Still, the magnitude of the survival benefit in the OncoGenex trial was slightly longer than the one seen in Dendreon’s pivotal study, so this generated a lot of interest in the cancer community. An estimated 30,000 men die of prostate cancer each year in the U.S., and analysts are predicting the Dendreon therapy will easily eclipse $1 billion in annual sales at its peak.

OncoGenex has mapped out a game plan to build up enough evidence to get FDA approval of its therapy, although the trials haven’t yet started. The company is planning to run a pair of clinical trials enrolling a combined 1,100 patients—some getting their first course of chemotherapy, and others getting their second course.

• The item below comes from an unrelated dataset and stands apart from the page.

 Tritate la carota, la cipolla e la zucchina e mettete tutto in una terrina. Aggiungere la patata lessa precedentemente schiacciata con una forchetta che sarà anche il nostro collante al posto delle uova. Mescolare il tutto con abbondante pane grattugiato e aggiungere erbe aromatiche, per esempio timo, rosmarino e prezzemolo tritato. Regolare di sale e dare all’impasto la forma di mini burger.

OncoGenex only has 26 employees, so it doesn’t have enough people or resources to pull off a trial that big by itself. The company is in talks with potential partners, who are discussing a variety of options to divvy up the worldwide commercial rights, and the costs of running such big trials. One early budget projection for those trials was about $70 million, according to what Cormack told me back in December, before the ASCO hubbub, when his company only had $17 million in cash in the bank.

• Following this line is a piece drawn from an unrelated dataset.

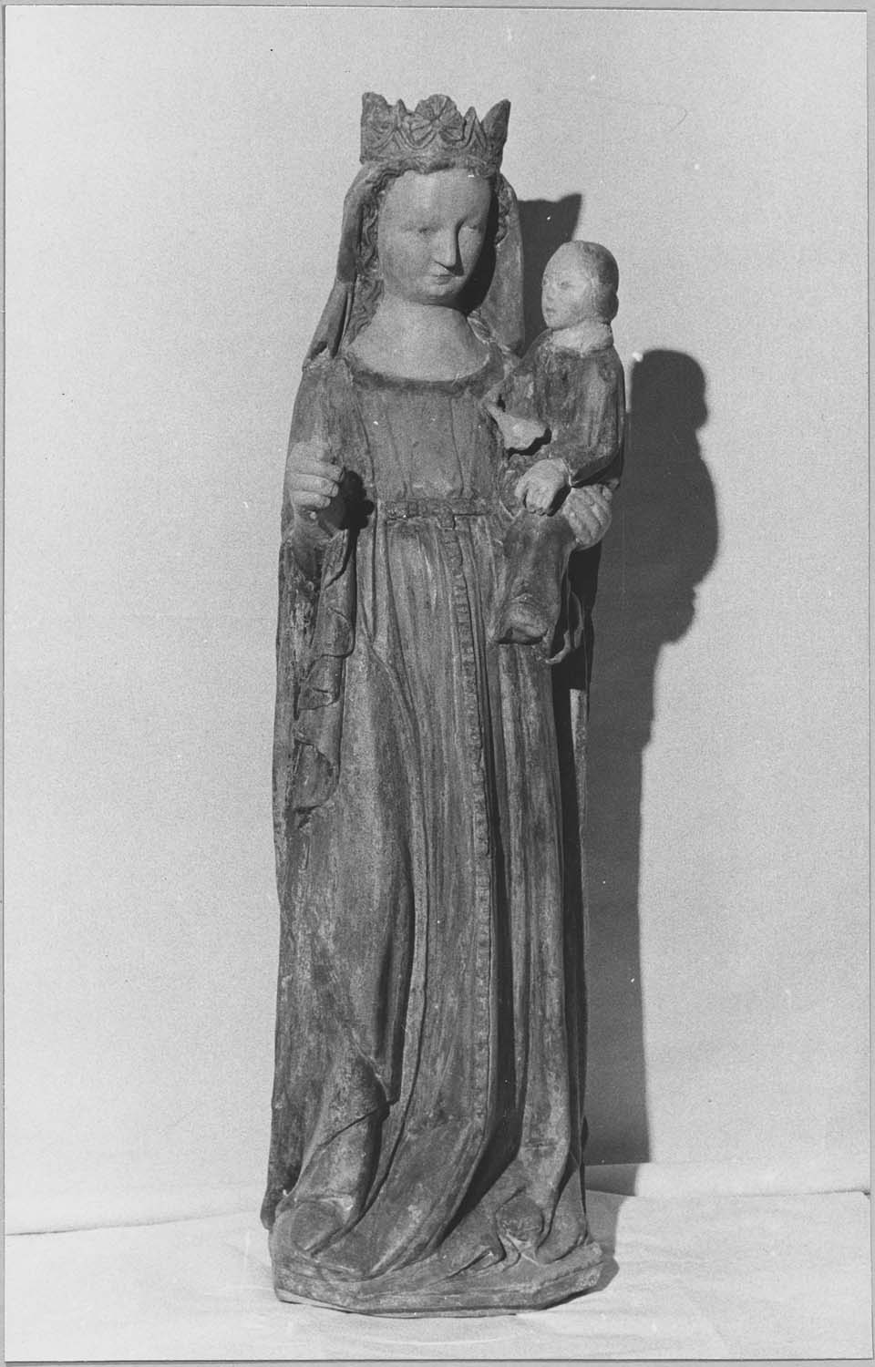 Vierge avec voile tombant sur les épaules enveloppées d'une grande robe serrée au-dessus des seins par une lanière, elle porte sur le bras gauche l'Enfant habillé et tenant une sphère de la main droite.

The talks involve more than one pharmaceutical company, and are “competitive,” Cormack says, although he wouldn’t say how many companies are in the running. He’ has been scoping a number of options, in terms of the usual financial mix of upfront payments, milestones, and royalties, as well as global deals versus more regionally focused collaborations. OncoGenex is also vetting partners for their cancer drug development expertise and, how broad their vision is for the product, and mulling how involved its team wants to remain in the future development plans, or whether it wants to mostly hand off the ball.

Because the clusterin protein plays a role in multiple cancers, OncoGenex is hopeful that a partner will want to think bigger than just prostate cancer, and consider opportunities to test the drug further for lung and breast malignancies, Cormack says.

Partnership talks always take a good amount of time, although Cormack says he’s confident the deal can get done by the end of this year. He’ has been trying to send a signal to Wall Street that he’s serious about doing a deal, and not trying to find a way to do the trials alone, and he’s hopeful that the latest financing will have proved his point.

“If you believe that we’re going to do a partnership deal, and that is going to bring in more money and expertise, then why would you raise more money and unnecessarily dilute your existing shareholders?” Cormack says. “If we had raised $60 million, people would have said, ‘they’re not that confident they’re going to do a partnership, and maybe they’ll do it themselves.”

That’s partly why Cormack isn’t seizing the moment to do any empire building. The company has 26 employees, andsays it isn’t hiring. The core management team is made up of Cormack, Anderson, Cindy Jacobs, the chief medical officer, and Monica Krieger, the vice president of regulatory affairs.

Staying lean may not be great for all the talented unemployed people in town, but it’s the kind of thing potential acquirers like to see in a company that’s dressed up for a sale. Fewer HR headaches, or integration issues can crop up that way. Cormack says he’s not ruling any options out.

“Our focus is on doing a partnership, but having said that, if an offer came to acquire the company, it wouldn’t be the first time that partnership talks evolved into something else,” Cormack says.